Records supplied:
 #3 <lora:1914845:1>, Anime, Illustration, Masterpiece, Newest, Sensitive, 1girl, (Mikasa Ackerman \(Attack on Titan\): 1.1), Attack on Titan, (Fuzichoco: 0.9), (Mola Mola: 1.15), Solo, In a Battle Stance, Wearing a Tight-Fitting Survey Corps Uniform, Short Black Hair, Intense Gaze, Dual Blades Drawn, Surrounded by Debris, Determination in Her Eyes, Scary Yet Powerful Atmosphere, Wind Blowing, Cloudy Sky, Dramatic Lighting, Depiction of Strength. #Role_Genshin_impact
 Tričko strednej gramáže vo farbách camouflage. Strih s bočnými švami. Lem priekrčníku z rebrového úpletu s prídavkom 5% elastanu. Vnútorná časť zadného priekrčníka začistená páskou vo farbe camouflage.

...

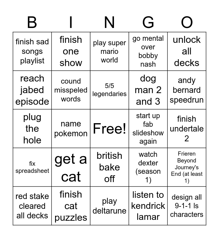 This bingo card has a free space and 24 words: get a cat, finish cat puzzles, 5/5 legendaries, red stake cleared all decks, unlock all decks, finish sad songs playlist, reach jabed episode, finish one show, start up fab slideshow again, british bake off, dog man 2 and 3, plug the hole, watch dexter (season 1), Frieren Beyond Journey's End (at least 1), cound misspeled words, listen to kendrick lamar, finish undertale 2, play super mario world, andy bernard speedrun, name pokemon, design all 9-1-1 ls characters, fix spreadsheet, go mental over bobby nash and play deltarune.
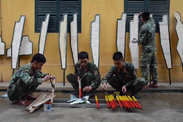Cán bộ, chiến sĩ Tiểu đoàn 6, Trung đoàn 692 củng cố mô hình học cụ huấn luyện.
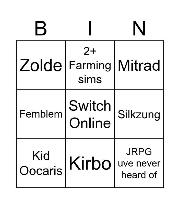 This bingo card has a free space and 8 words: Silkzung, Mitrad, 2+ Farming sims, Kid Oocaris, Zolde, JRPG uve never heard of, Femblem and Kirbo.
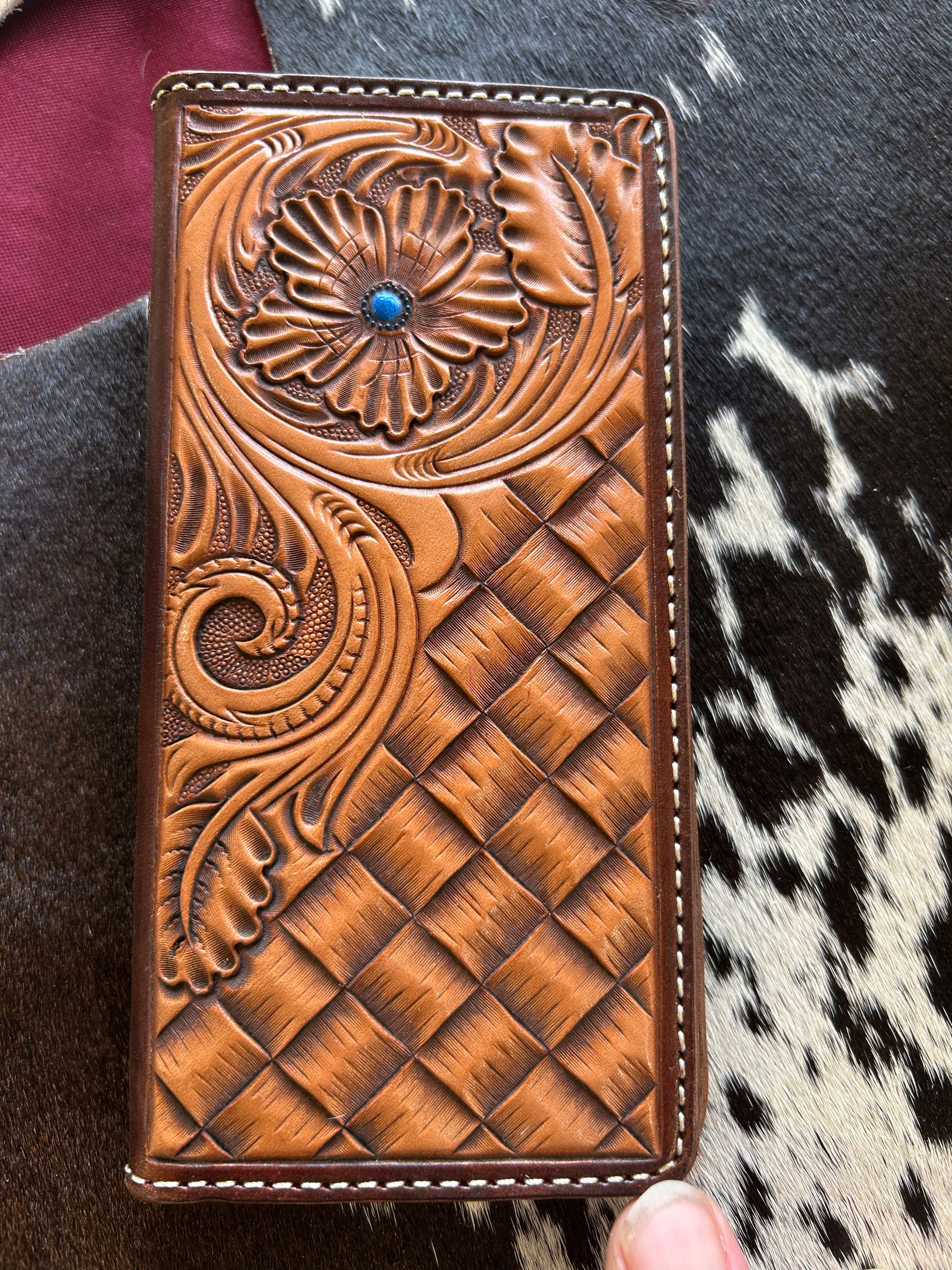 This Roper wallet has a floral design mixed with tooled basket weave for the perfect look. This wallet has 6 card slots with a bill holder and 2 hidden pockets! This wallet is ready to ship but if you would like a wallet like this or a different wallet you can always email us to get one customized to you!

---

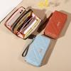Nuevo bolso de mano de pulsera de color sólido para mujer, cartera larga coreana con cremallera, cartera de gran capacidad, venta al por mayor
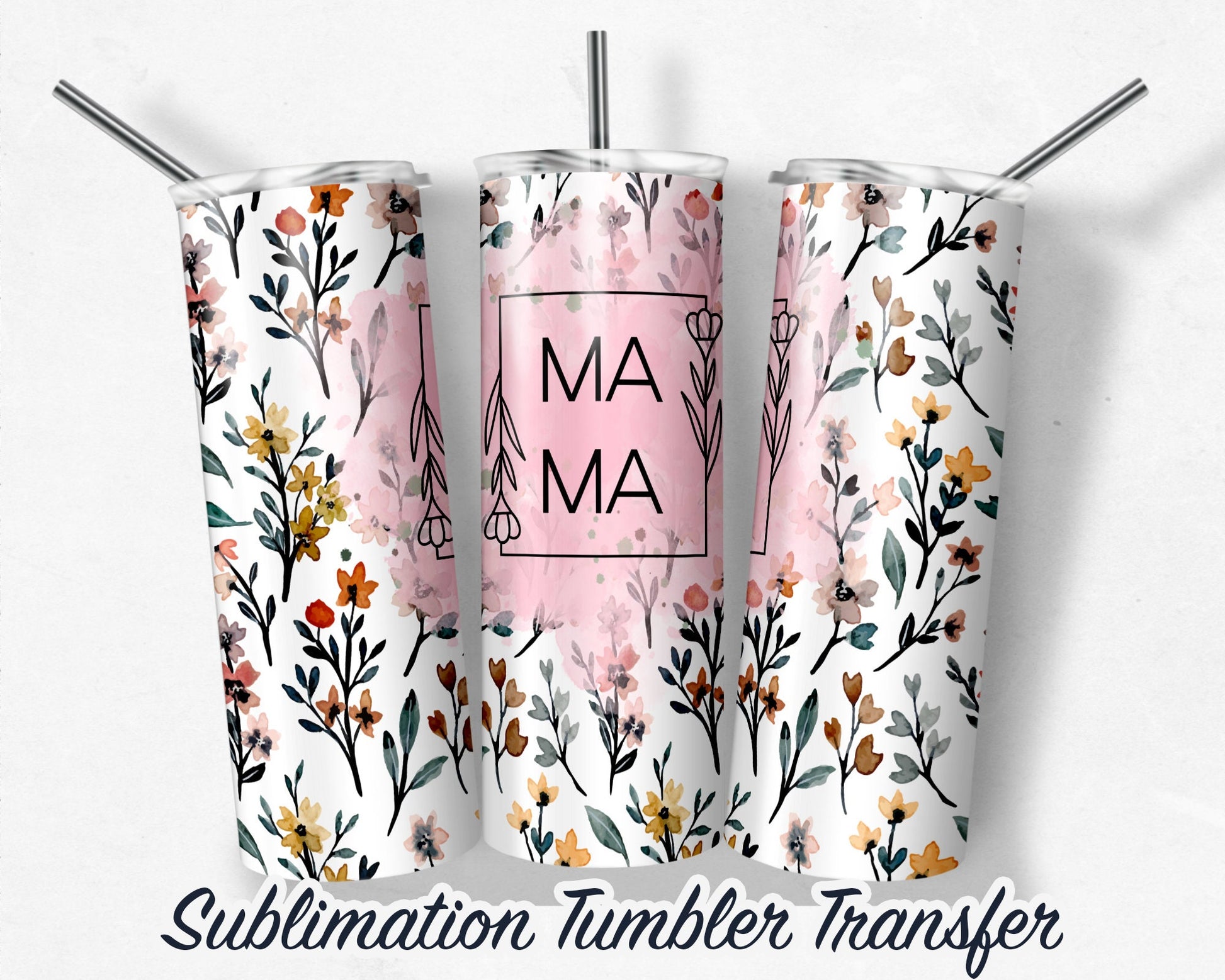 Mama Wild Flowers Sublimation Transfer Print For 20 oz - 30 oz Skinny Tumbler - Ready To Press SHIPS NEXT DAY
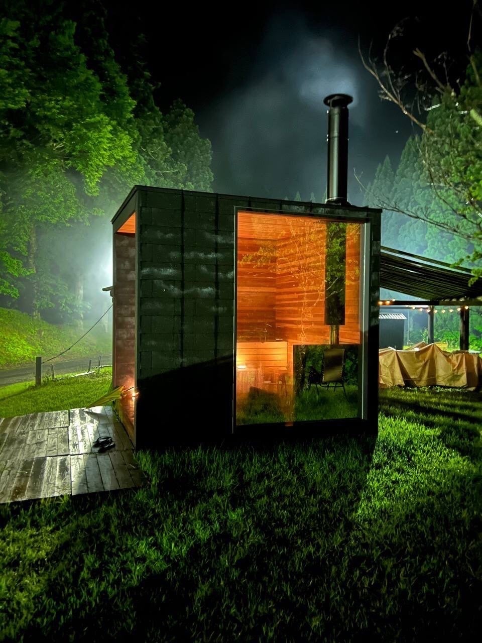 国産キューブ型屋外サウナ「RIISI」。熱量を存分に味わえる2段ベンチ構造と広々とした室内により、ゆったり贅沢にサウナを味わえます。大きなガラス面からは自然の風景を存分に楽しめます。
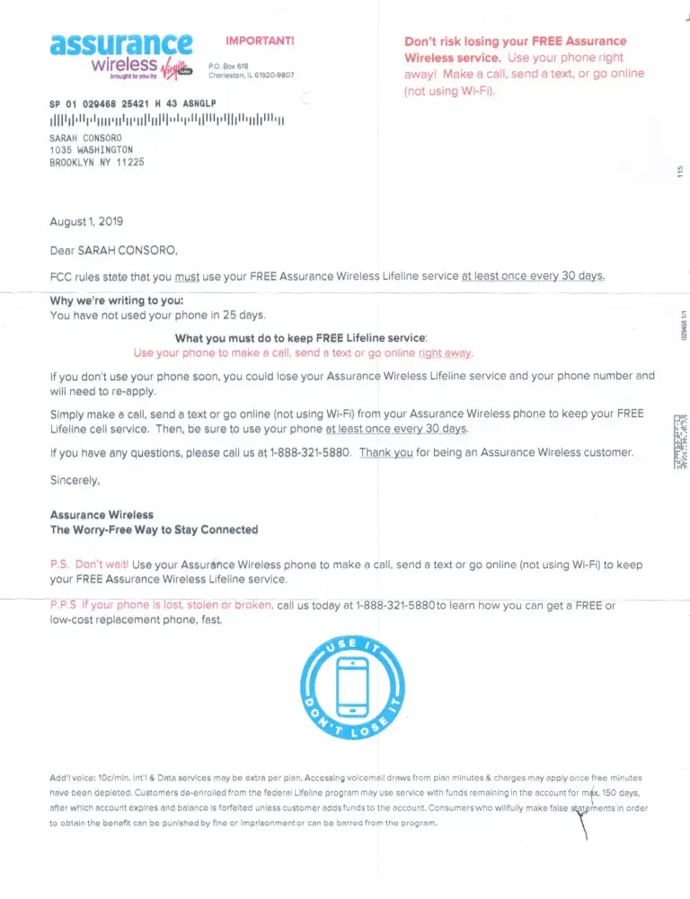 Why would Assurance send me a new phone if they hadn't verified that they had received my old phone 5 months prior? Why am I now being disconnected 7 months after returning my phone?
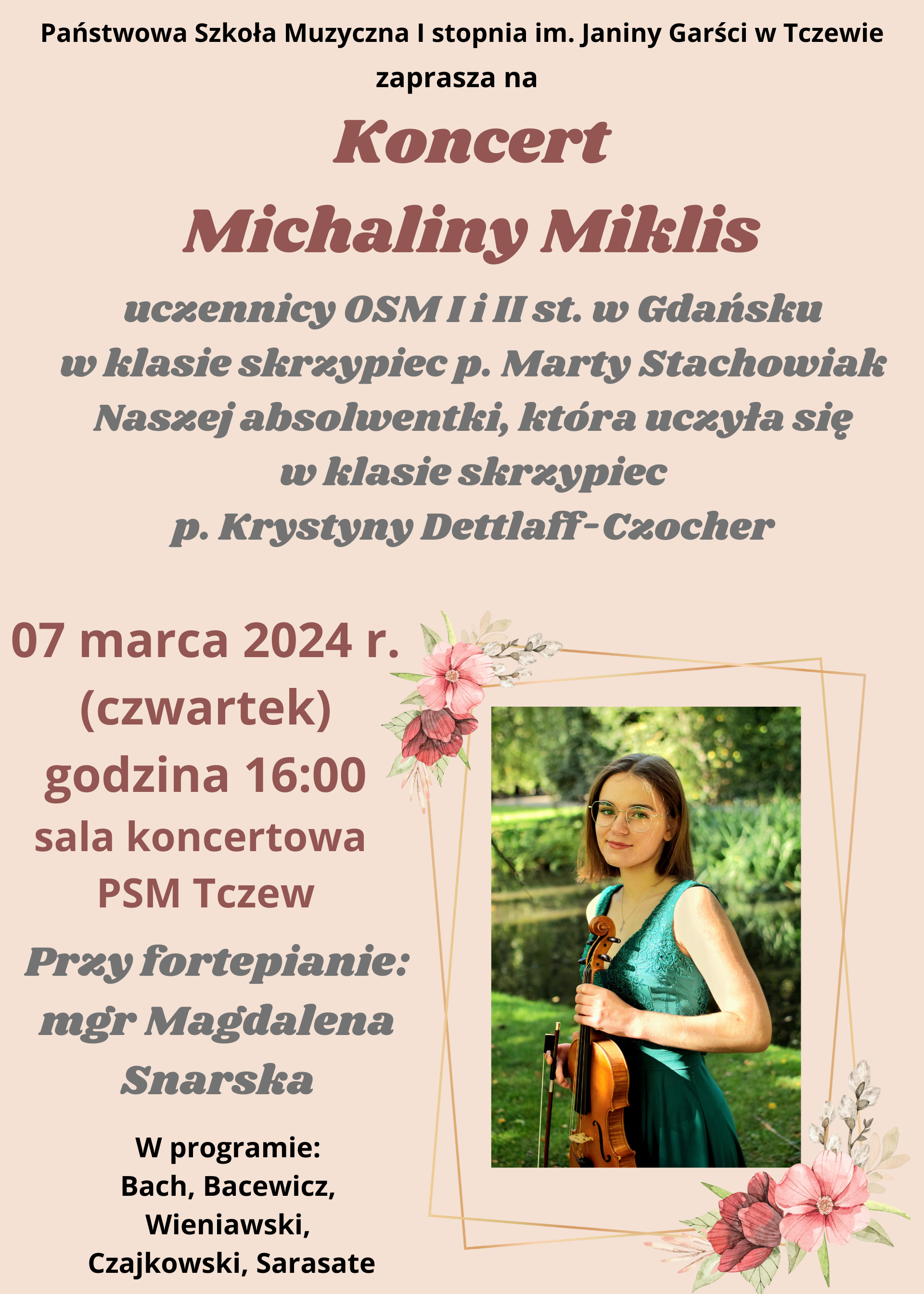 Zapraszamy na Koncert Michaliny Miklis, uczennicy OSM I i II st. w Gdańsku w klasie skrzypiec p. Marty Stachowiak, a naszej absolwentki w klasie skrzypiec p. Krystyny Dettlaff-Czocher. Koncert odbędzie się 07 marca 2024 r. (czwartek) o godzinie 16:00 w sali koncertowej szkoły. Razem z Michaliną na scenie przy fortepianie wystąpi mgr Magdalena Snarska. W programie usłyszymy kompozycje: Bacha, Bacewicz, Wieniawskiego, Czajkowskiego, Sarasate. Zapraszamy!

Work to complete:
Nothing but the lines above from the line with "This bingo card has a free space and 8" up to and including the line with "This Roper wallet" should be returned, exactly as written and without pictures.

Result of the task:
 This bingo card has a free space and 8 words: Silkzung, Mitrad, 2+ Farming sims, Kid Oocaris, Zolde, JRPG uve never heard of, Femblem and Kirbo.
 This Roper wallet has a floral design mixed with tooled basket weave for the perfect look. This wallet has 6 card slots with a bill holder and 2 hidden pockets! This wallet is ready to ship but if you would like a wallet like this or a different wallet you can always email us to get one customized to you!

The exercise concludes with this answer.